**Exercise**:
Pictures stay out; everything else in the records below is copied exactly.

**Data for the task**:
....

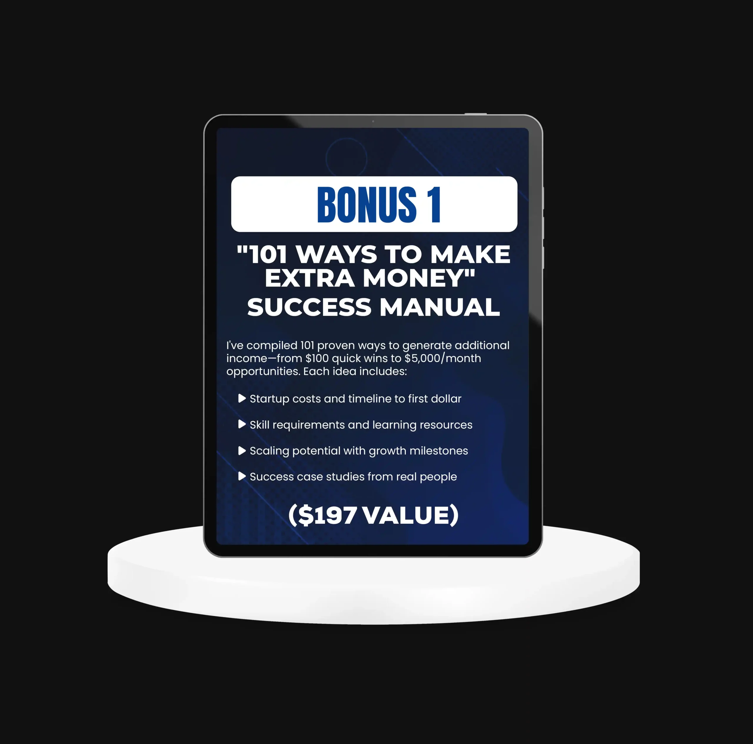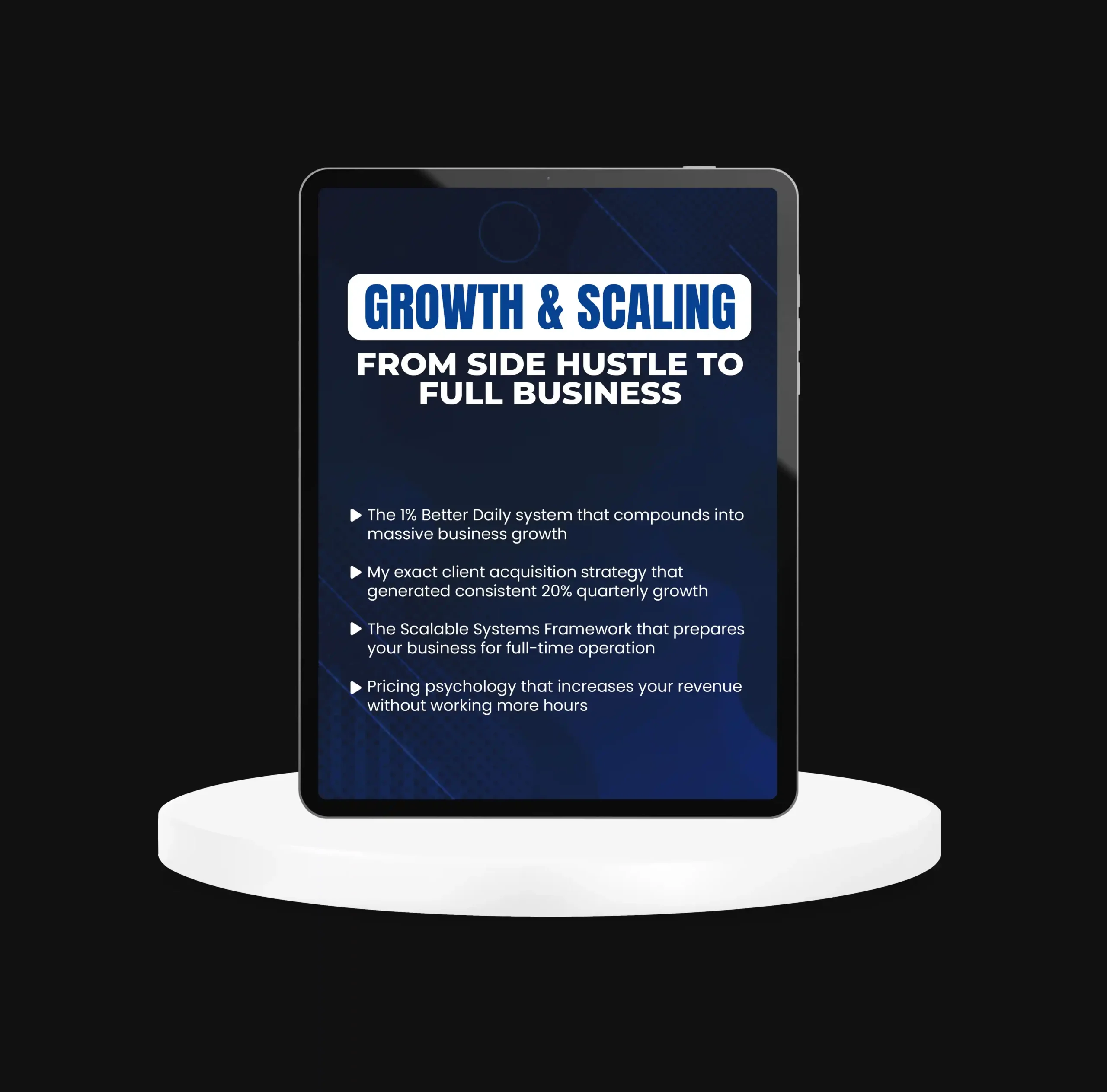 This comprehensive system includes 7 implementation-focused modules that walk you step-by-step through the entire process of building, growing, and transitioning to a side hustle that completely replaces your current income.
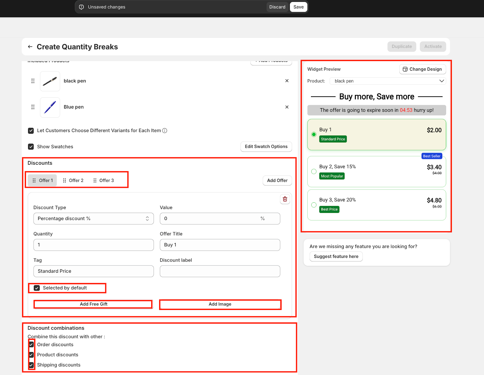 3. Discounts - The Discounts section is where you set up different pricing tiers for your Quantity Breaks bundle. Each Offer represents a tier and you can create multiple offers using the Add Offer button.
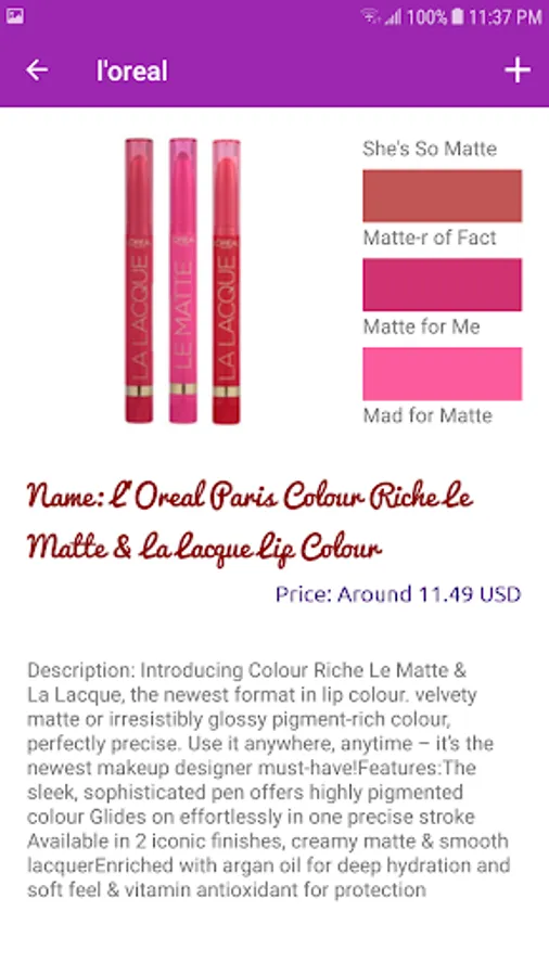 This app can store your favorite makeups for future use. Save and show the makeups' info and price to your friends or relatives.
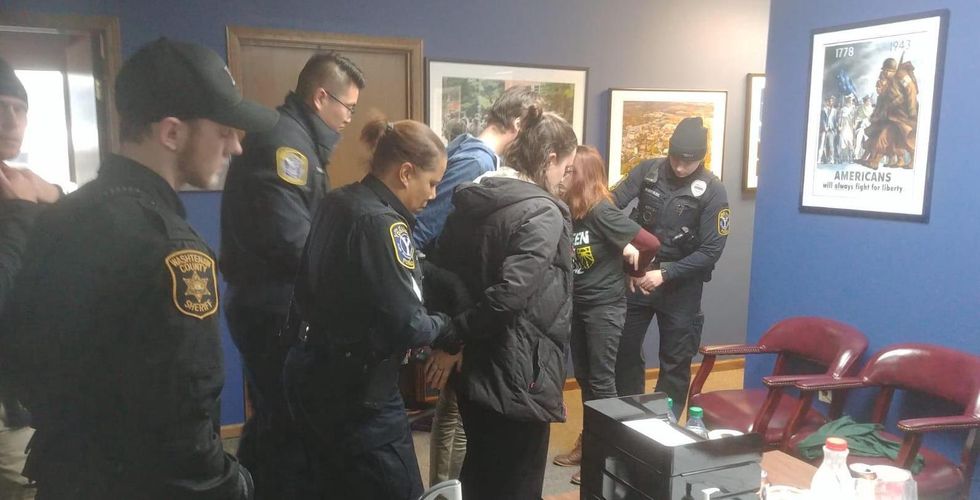Meanwhile, here in Michigan, I was at a retreat with local elected officials working on sustainable public transport options for Washtenaw County when "ARRESTS HAVE HAPPENED" lit up my phone screen. I watched with bated breath as an image downloaded. My friends were being handcuffed by police officers in our Congresswoman's office.
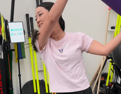 スイングを改良するべく、彼女は心に情熱を灯してトレーニングに奮闘する。
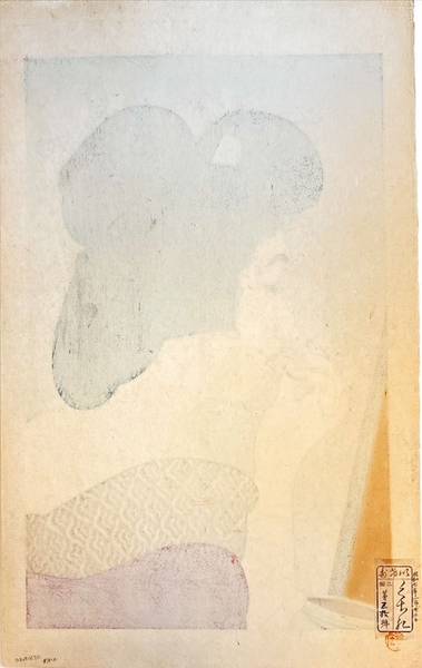 Numbered 30 out of an edition of 100. Limited edition of only 100 prints, after which the blocks were destroyed. Print No. 2 among the twelve published by Ikeda. Reference: The Female Image, 2000, pl. 179 |
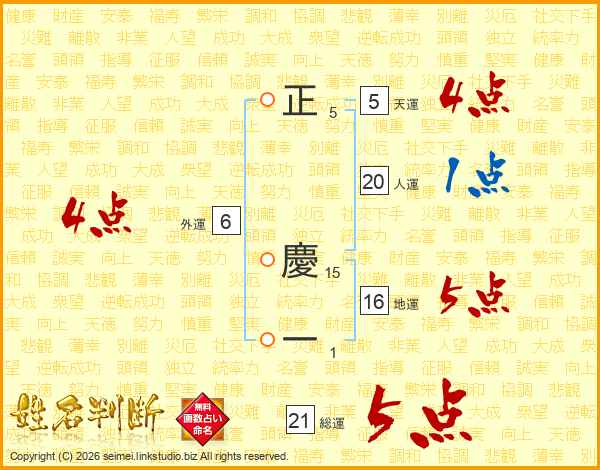 正(5画) 慶(15画)一(1画)
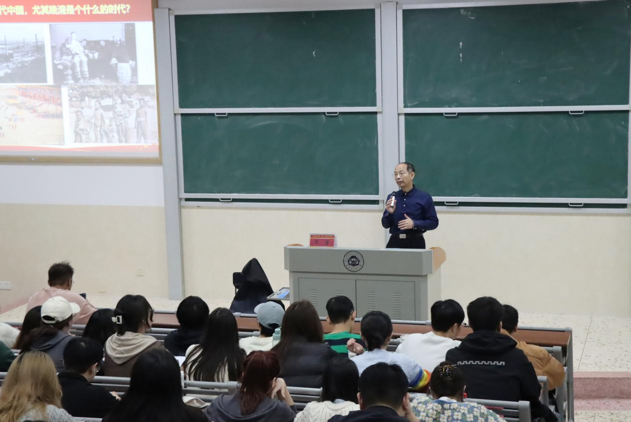谈及伟大建党精神的实践内涵,廖菁分享了李大钊、李汉俊等革命先烈的事迹,以及脱贫攻坚中我校毕业生为公殉职的故事。“李大钊同志在绞刑架前三次拒绝投降,用生命捍卫信仰;我校优秀毕业生方璇同志,作为基层村干部在工作途中不幸牺牲,用行动践行初心。”他指出,不怕牺牲、英勇斗争是共产党人的鲜明特质,“这些牺牲不是空洞的口号,而是体现在血与火的革命实践、生与死的考验之中,是伟大建党精神最真实的底色”。
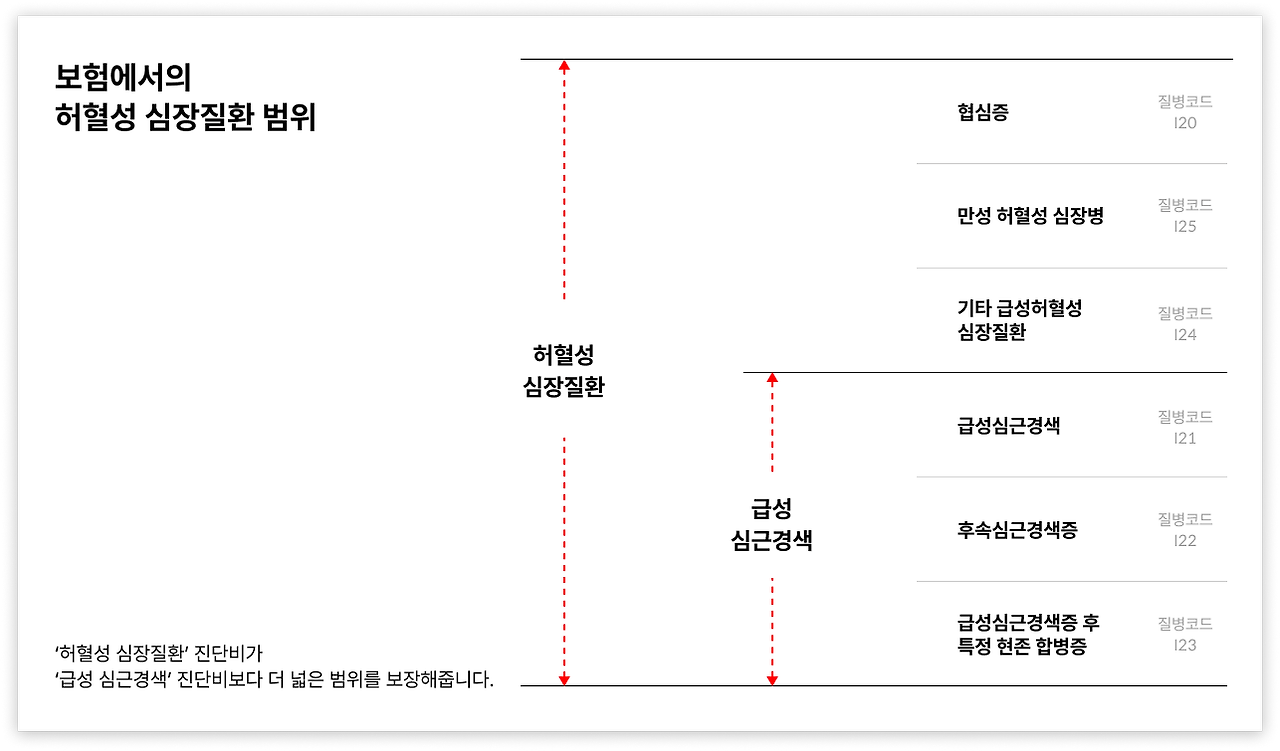 - ‘급성심근경색 진단비’는 ‘허혈성 심장 질환 진단비’보다 보험금 청구 가능한 질병 범위가 좁기 때문이에요 (아래 이미지를 참고해 보세요)

....

**Finished task**:
 This comprehensive system includes 7 implementation-focused modules that walk you step-by-step through the entire process of building, growing, and transitioning to a side hustle that completely replaces your current income.
 3. Discounts - The Discounts section is where you set up different pricing tiers for your Quantity Breaks bundle. Each Offer represents a tier and you can create multiple offers using the Add Offer button.
 This app can store your favorite makeups for future use. Save and show the makeups' info and price to your friends or relatives.
Meanwhile, here in Michigan, I was at a retreat with local elected officials working on sustainable public transport options for Washtenaw County when "ARRESTS HAVE HAPPENED" lit up my phone screen. I watched with bated breath as an image downloaded. My friends were being handcuffed by police officers in our Congresswoman's office.
 スイングを改良するべく、彼女は心に情熱を灯してトレーニングに奮闘する。
 Numbered 30 out of an edition of 100. Limited edition of only 100 prints, after which the blocks were destroyed. Print No. 2 among the twelve published by Ikeda. Reference: The Female Image, 2000, pl. 179 |
 正(5画) 慶(15画)一(1画)
谈及伟大建党精神的实践内涵,廖菁分享了李大钊、李汉俊等革命先烈的事迹,以及脱贫攻坚中我校毕业生为公殉职的故事。“李大钊同志在绞刑架前三次拒绝投降,用生命捍卫信仰;我校优秀毕业生方璇同志,作为基层村干部在工作途中不幸牺牲,用行动践行初心。”他指出,不怕牺牲、英勇斗争是共产党人的鲜明特质,“这些牺牲不是空洞的口号,而是体现在血与火的革命实践、生与死的考验之中,是伟大建党精神最真实的底色”。
 - ‘급성심근경색 진단비’는 ‘허혈성 심장 질환 진단비’보다 보험금 청구 가능한 질병 범위가 좁기 때문이에요 (아래 이미지를 참고해 보세요)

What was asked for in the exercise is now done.